There will be a lot more data gathering and reporting of physician payments from pharma and others under the proposed Sunshine Act. Here's what you need to know.
The long-awaited “Sunshine Act” regulations for physicians are out. Included in Section 6002 of the Affordable Care Act, the Sunshine Act has been a part of federal law since March 23, 2010. It took three years for CMS to formulate a final 285-page rule, effective 60 days from publication in the Federal Register, currently set for publication February 8, 2013.
This final rule will require applicable manufacturers of drugs, devices, biologicals, or medical supplies covered by Medicare, Medicaid, or the Children's Health Insurance Program (CHIP) to report annually to the HHS secretary certain payments or transfers of value provided to physicians or teaching hospitals ("covered recipients").
Although “transparency” is the stated purpose, the title implies something more. “Sunlight (not simple transparency) is the “best disinfectant.” The phrase was made famous by U.S. Supreme Court Justice Louis Brandeis in a 1913 Harper's Weekly article, "What Publicity Can Do." Congress intended to put an end to a rotten practice, not merely make it more transparent.
“Disclosure brings about accountability, and accountability will strengthen the credibility of medical research, the marketing of ideas and, ultimately, the practice of medicine,” Sen. Chuck Grassley (R-Iowa), who co-authored the legislation, said in a statement. “The lack of transparency regarding payments made by the pharmaceutical and medical device community to physicians has created a culture that this law should begin to change substantially.”
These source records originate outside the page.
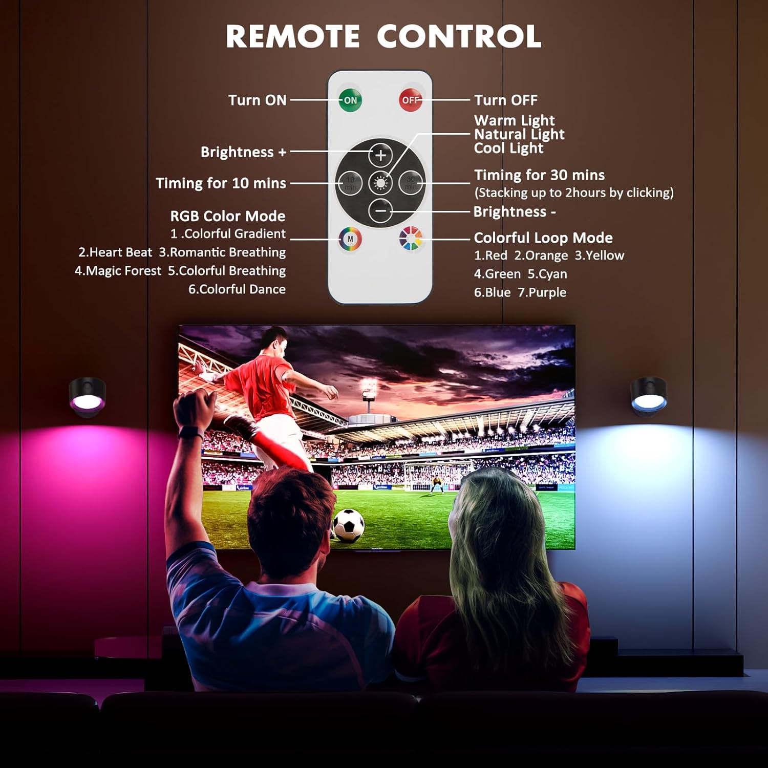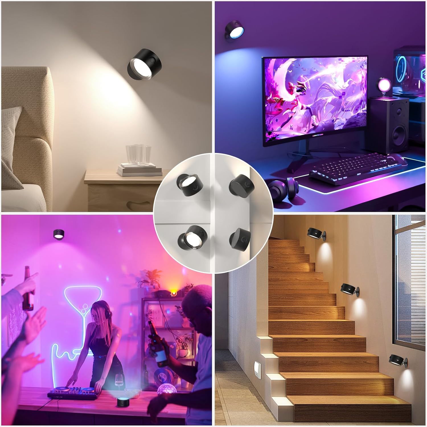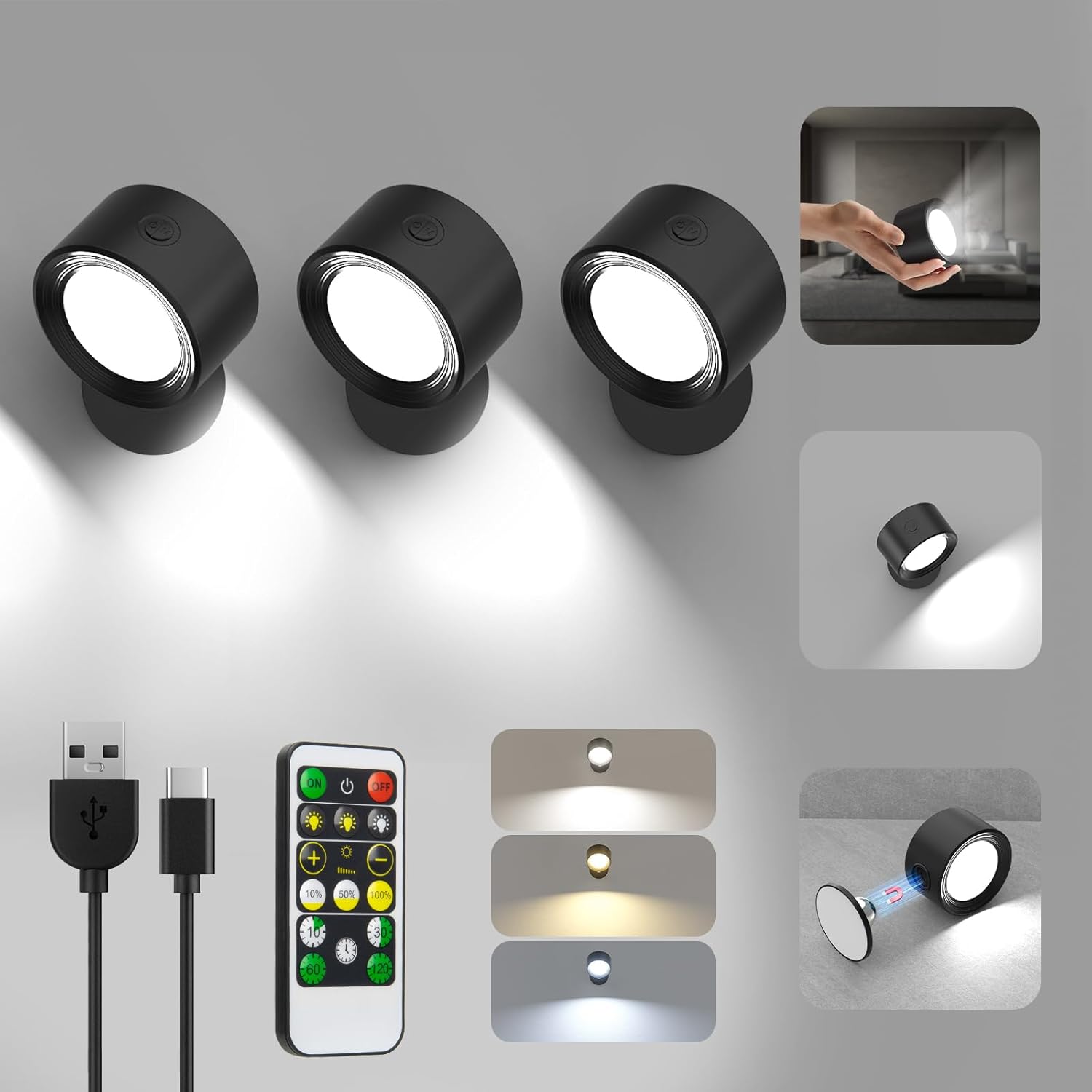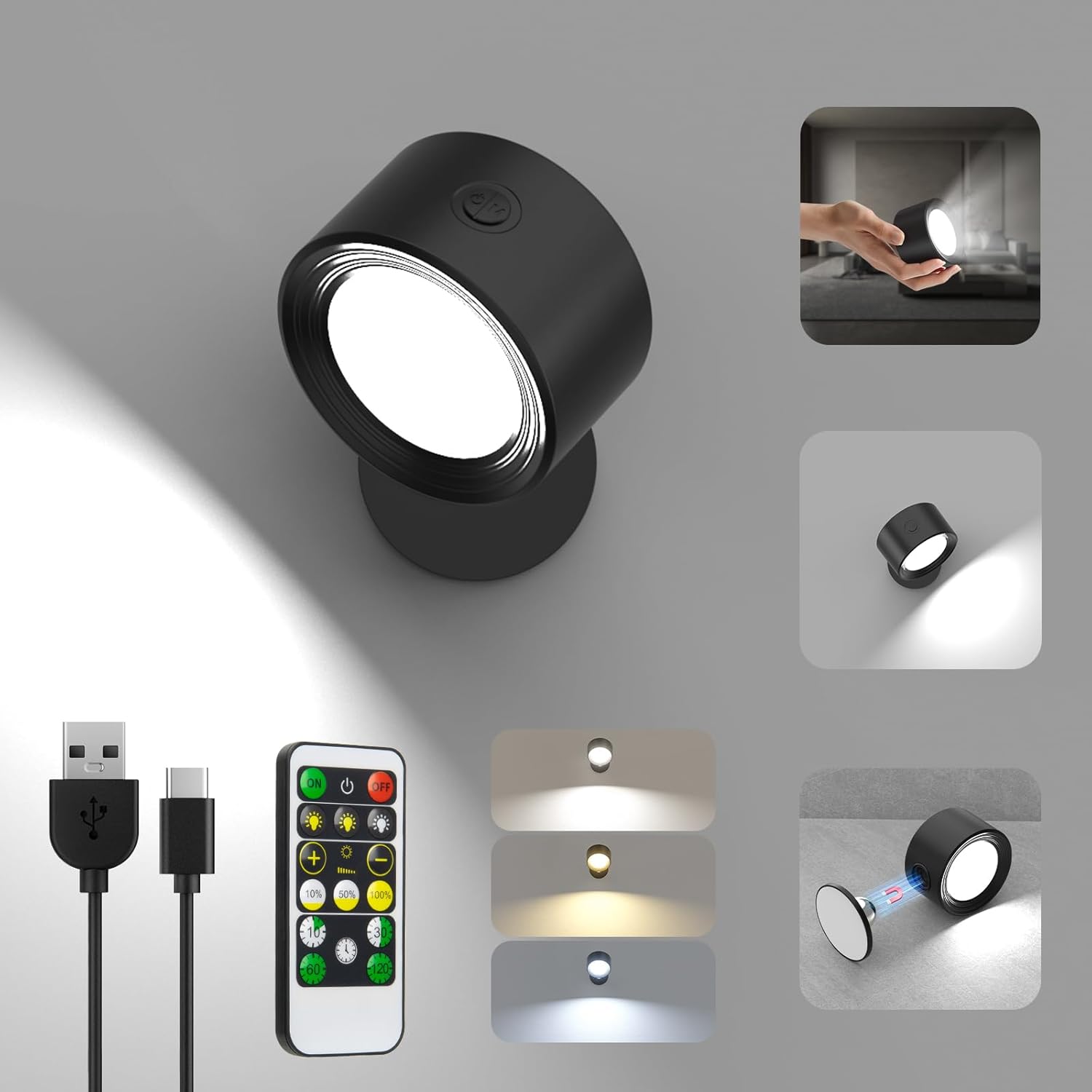 ✔️【3 Color Temperature & Dimmable Wall Sconces】Button control and remote control both can switch the color temperature(3000K-4500K-6000K). Also two ways for dimming this magnetic wall lights. Button control: Stepless(Long press). Remote control: ①stepless(Button”+”&”-”); ②4 levels: 10%,40%,80%,100%. You can choose the color temperature and the brightness based on different usage scenarios.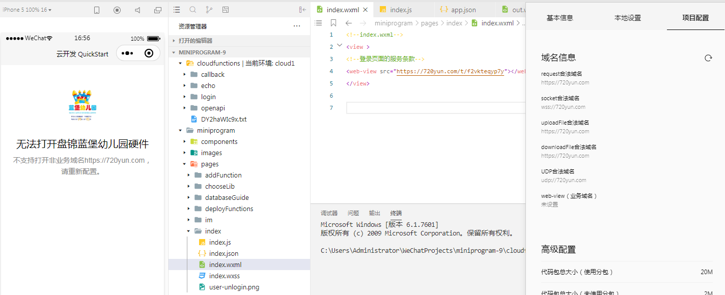 720yun的专业会员是可以加入业务域名的,所以业务域名可以解决,还有一种解决方案就是专业版可以导出离线全景包,然后自己部署。但现在小程序都会存在类目选择的问题吧。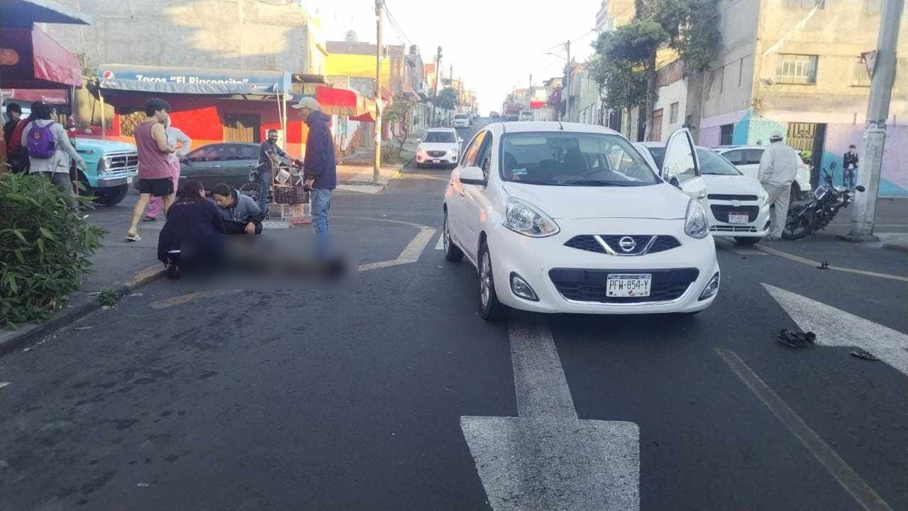 El primer incidente ocurrió alrededor de las 08:00 horas sobre la calle Lacas de Uruapan, donde un automóvil Nissan March, color blanco, impactó a una motocicleta.
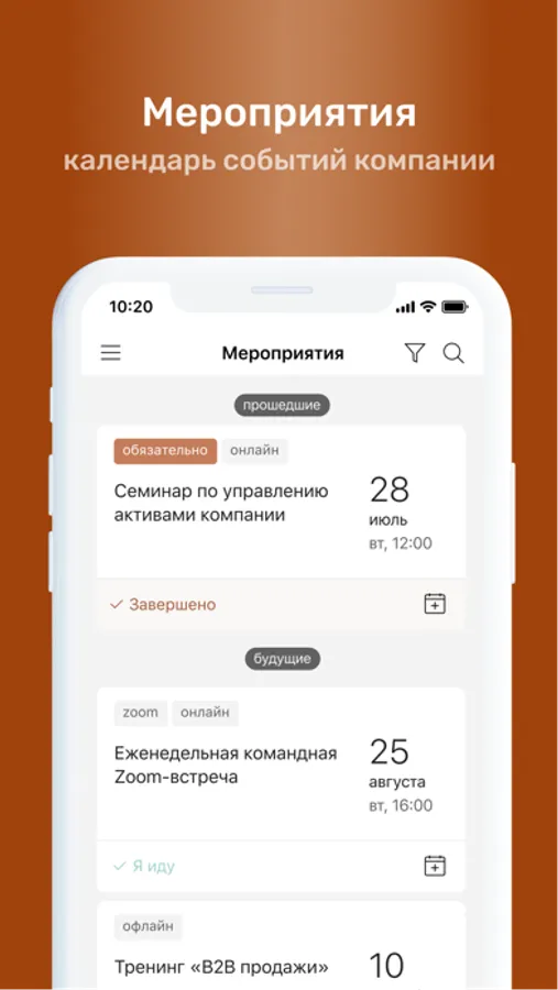 ⁃ Календарь корпоративных мероприятий с возможностью подать заявку на участие

This “culture” has to do with the way pharmaceutical and device manufacturers went about their business, which was detailed earlier this year in Practice Notes:
• Stark Law and Gifts Sent to Your Medical Practice
• Stark Law and Pharmaceutical Company Kickbacks
• Stark Law, the AKS, and AMA Ethical Opinions on Drugs and Devices
• When It is Legally Acceptable to Accept Gifts at Your Medical Practice
Agency rules have the same force as statutes, but because federal agencies do not hold hearings; the public is permitted to comment on the first draft. An agency will respond to public comments in the final rule (explaining why the comments, if any, were either included or rejected.) This public participation adds a considerable amount of length to the 285-page final Sunshine Act rule. Distilled to its bare bones:
1. Starting Aug. 1, 2013, drug and device companies will be required to gather data about payments, gifts, and other transfers of value given to physicians and teaching hospitals, including shares or ownership in a company.
2. Manufacturers and group purchasing organizations will be responsible to report the data including physician ownership and investment interests to CMS by March 31, 2014.
3. Payments to a “covered recipient” means: 1.) a physician, other than a physician who is an employee of an applicable manufacturer; or 2.) a teaching hospital.
4. Payment includes: consulting fees, compensation for services other than consulting, honoraria, gifts, entertainment, food, travel (including the specified destinations), education, research, charitable contribution, royalty or license, current or prospective ownership or investment interest, direct compensation for serving as faculty or as a speaker for a medical education program, grants, any other nature of the payment, or other transfer of value.
5. There is a de minimis provision of $10 per gift, or annual aggregate of $100 which do not need to be reported.
6. Discounts and rebates need not be reported.
7. Product samples are excluded from reporting.
8. Penalties for failure to report are $1,000 to $10,000 per payment which is not reported with an annual limit of $150,000, unless the payment is “knowingly” omitted, in which case the penalty shall be at least $10,000 with an annual limit of $1,000,000.
The over-all effect of the Sunshine Act on physician practices is simple. Under Stark Law a physician may not refer patients for designated health services (DHSs) including prescription drugs and devices, where the physician or a close family member has an ownership, or financial relationship. Under the Anti-Kickback Statute, a physician may not prescribe drugs or devices if the physician has been paid in cash or in kind, if one purpose of the payment was to influence referrals.
The Sunshine Act will make it much more difficult to conceal such payments by an industry which has had a storied history of such payments.